Il provvedimento rischia di smantellare un impianto normativo costruito in decenni di legislazione europea per garantire la sicurezza dei cittadini e la salvaguardia dell'ambiente. Un percorso lungo e complesso, motivato dalla crescente consapevolezza dei danni causati dall'uso indiscriminato dei prodotti chimici di sintesi in agricoltura e sostenuto dalle numerose mobilitazioni della società civile, che ha portato all'adozione di criteri rigorosi per valutare la pericolosità dei principi attivi dei prodotti fitosanitari prima della loro immissione sul mercato.

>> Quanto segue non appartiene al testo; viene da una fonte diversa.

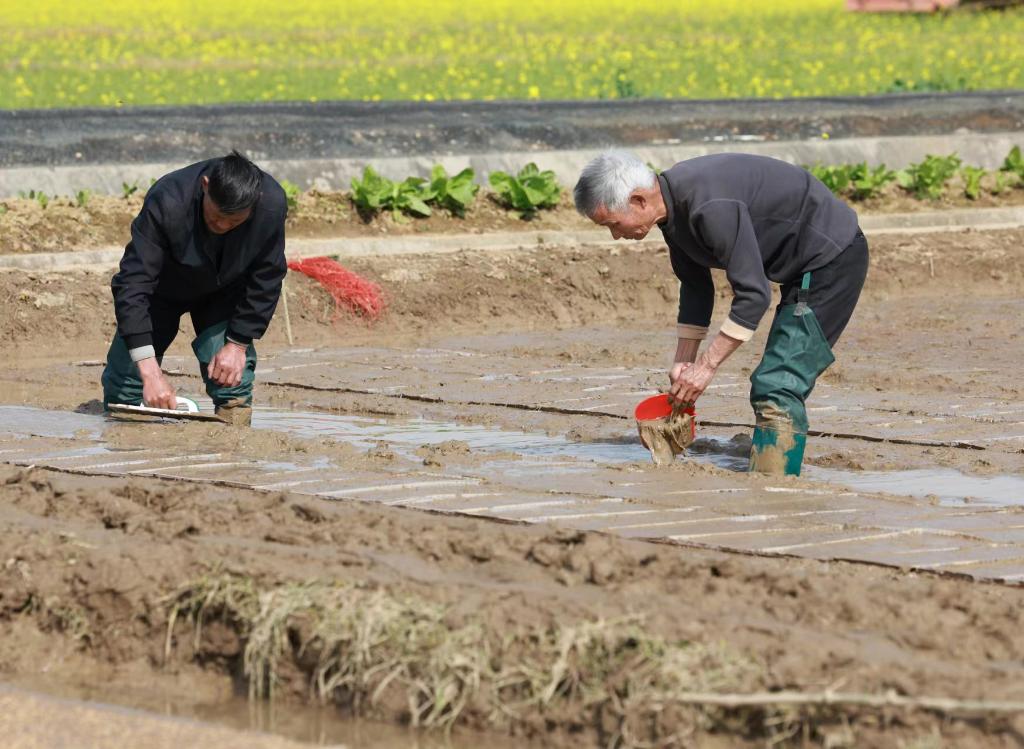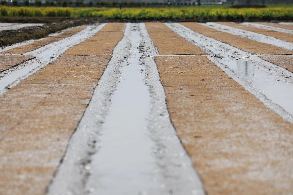 在道路另一侧的秧田,装满稻种的秧盘已经铺在一垄垄“秧床”上。为了保障秧苗后期的茁壮成长,过几天,农民还会用地膜为它们搭建好“房子”。

Con questo ennesimo provvedimento Omnibus verrebbe introdotta la possibilità di concedere approvazioni illimitate per le sostanze attive, eliminando le revisioni sistematiche necessarie per ritirare dal mercato pesticidi la cui pericolosità emerge da nuove evidenze scientifiche. Contemporaneamente, si limiterebbe la capacità degli Stati membri di basarsi sulle più recenti ricerche scientifiche per autorizzare prodotti fitosanitari a livello nazionale, contraddicendo la giurisprudenza europea e il ruolo degli Stati nella tutela dei propri cittadini.

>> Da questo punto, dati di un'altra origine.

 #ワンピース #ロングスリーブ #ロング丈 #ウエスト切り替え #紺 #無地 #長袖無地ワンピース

Sarebbero inoltre estesi i periodi delle deroghe per l'utilizzo di sostanze non più autorizzate, normalizzando di fatto l'impiego di pesticidi dannosi fino a tre anni dopo la loro messa al bando, e si amplierebbero le deroghe per autorizzare sostanze pericolose in nome della salvaguardia della produzione agricola, contraddicendo la gerarchia degli obiettivi del Regolamento UE che pone salute e ambiente al primo posto. Un principio, quest'ultimo, che richiama quanto sancito dall'articolo 41 della Costituzione italiana, il quale stabilisce che l'iniziativa economica privata non può svolgersi in modo da recare danno alla salute e all'ambiente, ponendo la salvaguardia di questi beni fondamentali al di sopra del mero guadagno economico.

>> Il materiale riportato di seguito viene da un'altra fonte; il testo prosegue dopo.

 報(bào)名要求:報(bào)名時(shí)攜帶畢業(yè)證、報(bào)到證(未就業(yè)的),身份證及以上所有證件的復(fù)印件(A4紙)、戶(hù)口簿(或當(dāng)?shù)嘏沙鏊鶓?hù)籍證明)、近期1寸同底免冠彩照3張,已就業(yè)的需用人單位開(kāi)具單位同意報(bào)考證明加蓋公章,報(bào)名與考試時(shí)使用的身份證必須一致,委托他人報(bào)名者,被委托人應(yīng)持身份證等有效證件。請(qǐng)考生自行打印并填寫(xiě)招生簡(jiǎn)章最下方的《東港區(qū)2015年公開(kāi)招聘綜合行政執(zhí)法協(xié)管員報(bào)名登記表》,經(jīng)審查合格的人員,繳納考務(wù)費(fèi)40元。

A tutto questo si aggiunge la mancata correzione dello scandalo dei residui di pesticidi vietati nell'UE nei prodotti importati, perpetuando un inaccettabile doppio standard e incoraggiando di fatto l'uso di sostanze pericolose in paesi terzi, a danno delle comunità locali, creando un mercato per l'export di veleni da parte di aziende europee. La definizione vaga di “bio-controllo” rischia inoltre di includere sostanze chimiche dall'impatto sconosciuto, mentre la facilitazione all'uso dei pesticidi tramite droni solleva nuovi interrogativi su esposizione e contaminazione ambientale.
“Questa proposta non semplifica, ma deregolamenta. È un cavallo di Troia dell'industria chimica che, spacciandosi per un provvedimento a favore degli agricoltori, in realtà tradisce le aspettative dei cittadini europei che chiedono più ambiente e più salute”, dichiarano le 11 Associazioni firmatarie. “Chiediamo con forza al Governo italiano di opporsi e respingere integralmente questo provvedimento in tutte le sedi europee, difendendo l'integrità della legislazione UE e il principio di precauzione”.
La mobilitazione delle Associazioni italiane si inserisce nel solco delle preoccupazioni già espresse a livello europeo da 139 organizzazioni in una lettera inviata nell'ottobre 2025 alla Presidente della Commissione, Ursula von der Leyen, a dimostrazione di un fronte ampio e coeso contro questo tentativo di indebolire le garanzie per la tutela dell’ambiente e la salute delle persone.